**TO DO:** Exactly retype the lines from the top of the data through the line containing "今回は、久しぶりに、吹奏楽部が2階ギャラリーで入退場の演奏を行いました。", leaving out every picture.

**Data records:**

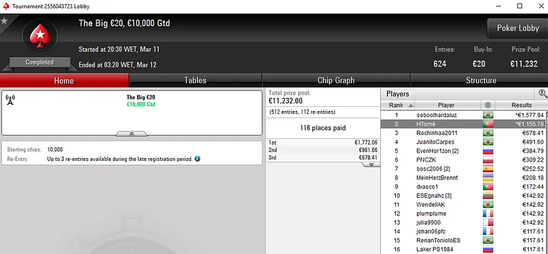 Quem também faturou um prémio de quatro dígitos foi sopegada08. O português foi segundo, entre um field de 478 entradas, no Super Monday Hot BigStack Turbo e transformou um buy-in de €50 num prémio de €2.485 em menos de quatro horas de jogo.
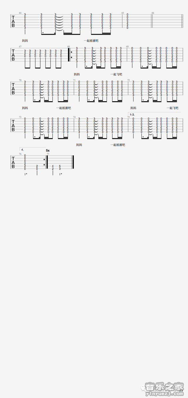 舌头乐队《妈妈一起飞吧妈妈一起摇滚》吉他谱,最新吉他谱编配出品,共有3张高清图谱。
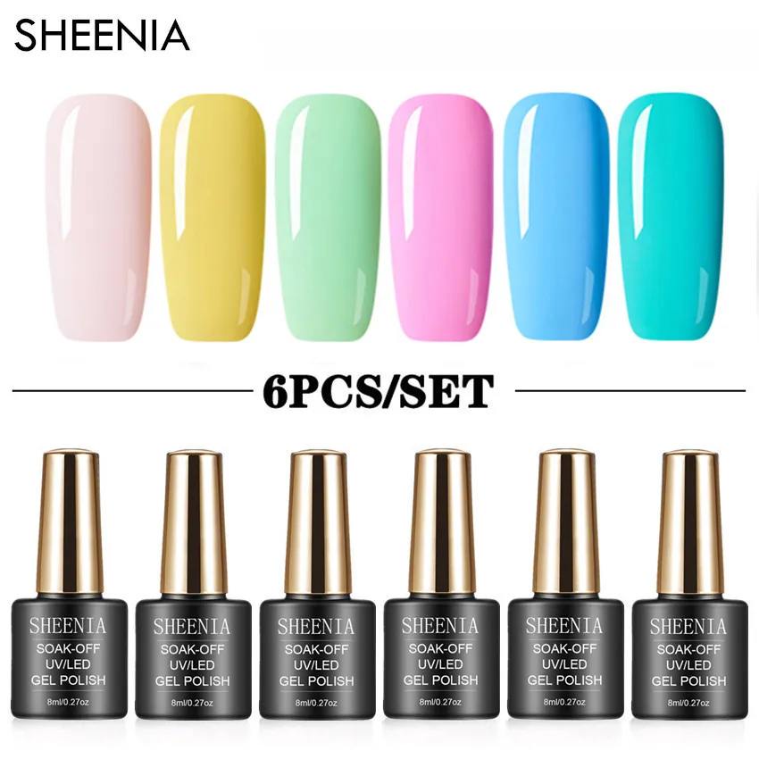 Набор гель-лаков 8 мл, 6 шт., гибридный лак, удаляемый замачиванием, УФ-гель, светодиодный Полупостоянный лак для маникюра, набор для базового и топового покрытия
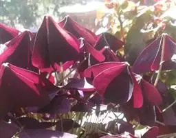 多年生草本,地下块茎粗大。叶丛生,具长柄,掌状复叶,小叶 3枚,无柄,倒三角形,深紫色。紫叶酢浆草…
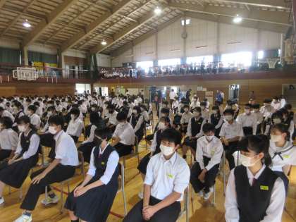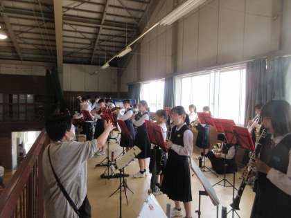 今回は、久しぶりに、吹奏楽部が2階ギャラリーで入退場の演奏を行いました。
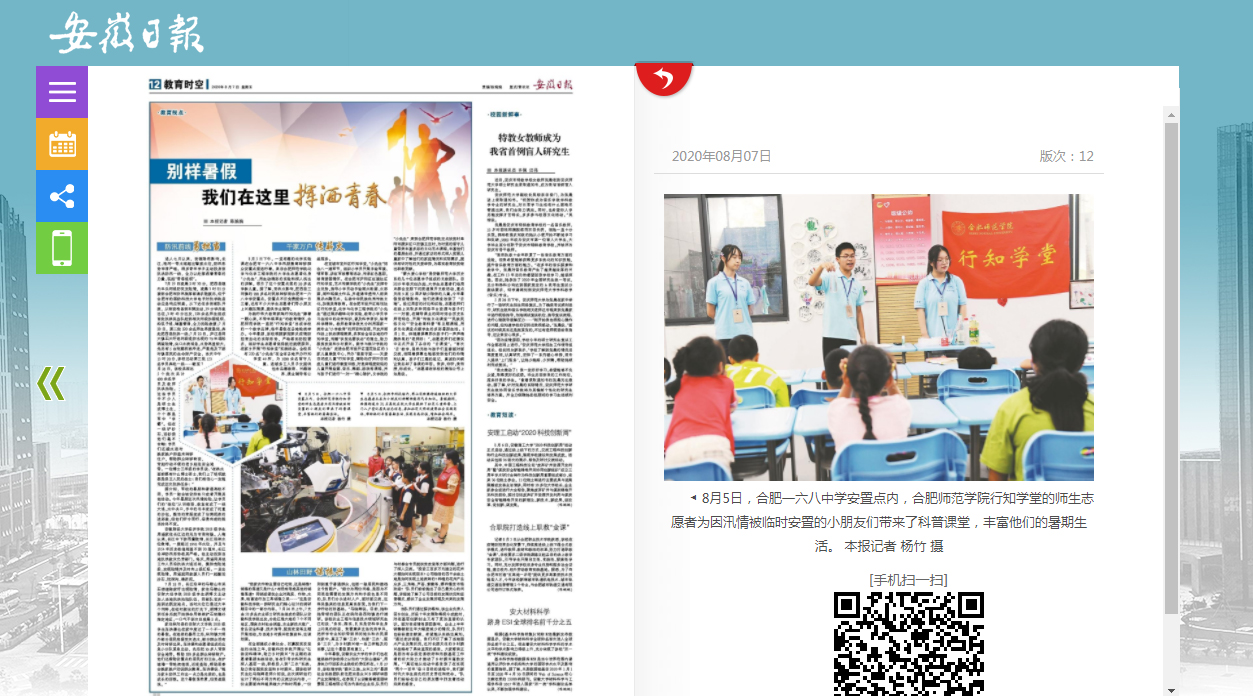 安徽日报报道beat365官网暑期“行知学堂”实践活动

**ANSWER TO THIS TASK:**
 Quem também faturou um prémio de quatro dígitos foi sopegada08. O português foi segundo, entre um field de 478 entradas, no Super Monday Hot BigStack Turbo e transformou um buy-in de €50 num prémio de €2.485 em menos de quatro horas de jogo.
 舌头乐队《妈妈一起飞吧妈妈一起摇滚》吉他谱,最新吉他谱编配出品,共有3张高清图谱。
 Набор гель-лаков 8 мл, 6 шт., гибридный лак, удаляемый замачиванием, УФ-гель, светодиодный Полупостоянный лак для маникюра, набор для базового и топового покрытия
 多年生草本,地下块茎粗大。叶丛生,具长柄,掌状复叶,小叶 3枚,无柄,倒三角形,深紫色。紫叶酢浆草…
 今回は、久しぶりに、吹奏楽部が2階ギャラリーで入退場の演奏を行いました。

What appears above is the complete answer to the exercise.